Trump Administration’s Redefinition of Poverty Could Shrink Social Services
“This policy would, over time, cut or take away entirely food assistance, health and other forms of basic assistance from millions of people who struggle to put food on the table, keep a roof over their heads and see a doctor when they need to.”
The Trump administration is proposing changes to the way poverty is calculated that analysts believe would result in fewer benefits for millions of poor Americans.
The proposal by the Office of Management and Budget would change the official definition of poverty by modifying the calculation the Census Bureau uses to determine the size of America’s poor population. Poverty is currently defined in America as “three times the subsistence food budget” for a family of a given size, using a basic diet established in 1963 with data from the 1955 Household consumption survey. In 2019, the poverty line for a family of four is $25,750.
As Vox’s Dylan Mathews points out, “It’s worth dwelling on this for a minute. The way we measure poverty is based on a 58-year-old analysis of 64-year-old data on food consumption, with no changes other than adjusting the poverty line for inflation.”
Effort to ‘Cut Spending’ or Adjust an Outdated System?
Both the George W. Bush and Obama administrations sought to modify the Official Poverty Measure (OPM), with many economists supporting their attempted updates. The Washington Post’s editorial board, for example, supports an updated metric, but claims the Trump administration’s initiative “looks very much like an effort to cut spending on programs for the poor that the Trump administration would be unable to reduce through legislation.”
The Office of Management and Budget’s proposal to change the OPM is in a stage of “request for comment,” and supporters of the measure say it is not focused on hurting poor people, but on adjusting an outdated system. A senior administration official told the New York Times, “Our knowledge about inflation has increased substantially since that time, so it is worth re-evaluating.”
Skeptics of the Trump administration’s alleged neutrality point to its previous actions regarding the social safety net.
The administration released its third budget proposal in March, which included at least $500 billion in cuts to Medicare, structural programs to Medicaid that would significantly shrink its funding, and huge cuts to food stamps, public housing, student loan aid, and the Women, Infants, and Children (WIC) program, among other non-defense programs. The White House is also pushing for stricter work requirements for federal aid recipients.
The Office of Management and Budget is currently headed by Russell T. Vought, a conservative and a supporter of reducing federal aid. The budget office recently planned to cut funding for the Special Olympics until President Trump intervened after public outcry.
New Measuring System Could Lower Number of Americans Eligible for Social Services
Analysts believe the Trump administration will choose a measuring system that shrinks the pool of Americans eligible for social services, such as the Chained Consumer Price Index (CPI). The Chained CPI “assumes that as the prices of goods go up, individuals substitute less expensive items, thereby reducing their overall expenses,” as explained by NPR. While this is the metric Bush, Obama and the Washington Post’s editorial board support, its selective application without updates to social programs could cut benefits for American families on the poverty line.
“This policy would, over time, cut or take away entirely food assistance, health and other forms of basic assistance from millions of people who struggle to put food on the table, keep a roof over their heads and see a doctor when they need to,” Sharon Parrott, a senior fellow at the Center on Budget and Policy Priorities, told the New York Times.
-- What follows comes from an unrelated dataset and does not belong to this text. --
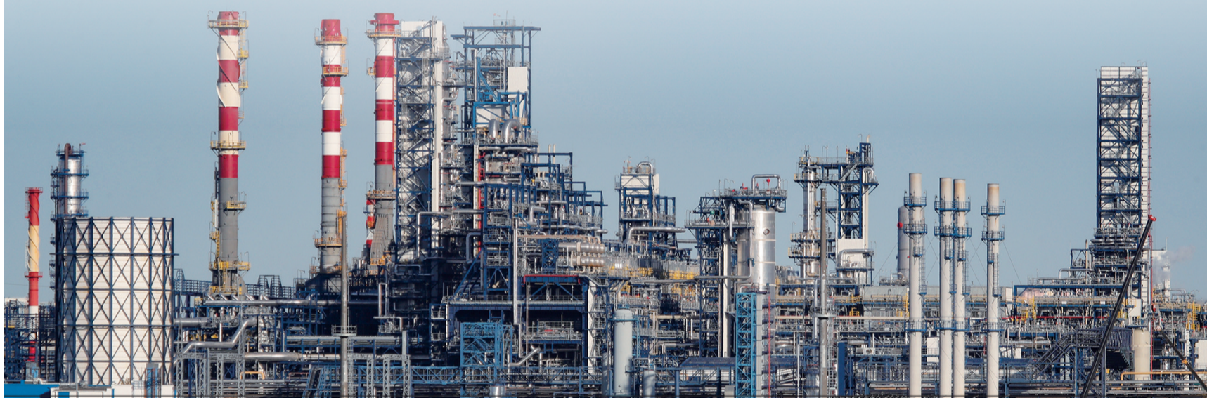
■图为在莫斯科拍摄的俄罗斯天然气工业石油公司的炼油厂资料照片。

23日,欧盟方面说,欧盟成员国已批准第19轮对俄制裁,此轮制裁包括新增69项单独制裁和多项经济限制措施,主要针对俄能源、金融和军工领域。

“Simply switching to a lower inflation measure would likely make the poverty line less realistic over time, rather than more accurate, in measuring what families need to get by,” Parrott said.
It would take several years for the Trump administration’s change to seriously impact social services, but the move could influence the public debate about the meaning of poverty.
Dutch Historian Rutger Bregman, who rose to prominence after his scathing speech to the Davos economic forum went viral and from his heated, unaired interview with Fox News host Tucker Carlson, is one of the major voices seeking to reshape societal conceptions of poverty.
Poverty Could Lower IQ
Bregman argues poverty diminishes health and psychological well being, and that societies would benefit by totally relinquishing it with a universal basic income. He points to the work of Princeton psychologist Eldar Shafir and Harvard economist Sendhil Mullainathan, who found that the “scarcity mentality” found in poor people focuses the brain on short-term, survival-oriented thinking and shrinks IQ in the process. “Our effects correspond to between 13 and 14 IQ points. That’s comparable to losing a night’s sleep or the effects of alcoholism,” explained Shafir.
A 2013 report from the Educational Testing Service found the economic and educational cost of child poverty in the U.S. to be $500 billion a year, with the U.S. having the second highest child poverty rate of the world’s 35 richest countries.
Many Americans view job growth as the solution to poverty, but despite the current period of economic growth and low unemployment, millions of employed Americans remain under the official poverty line. As commentators from Hedge Fund billionaire Ray Dalio to Nobel Prize-winning economist Joseph Stiglitz warn, extreme inequality is at the heart of America’s political polarization. If solutions to poverty aren’t offered by incoming officials, the country will continue to slide into the dangers of populism.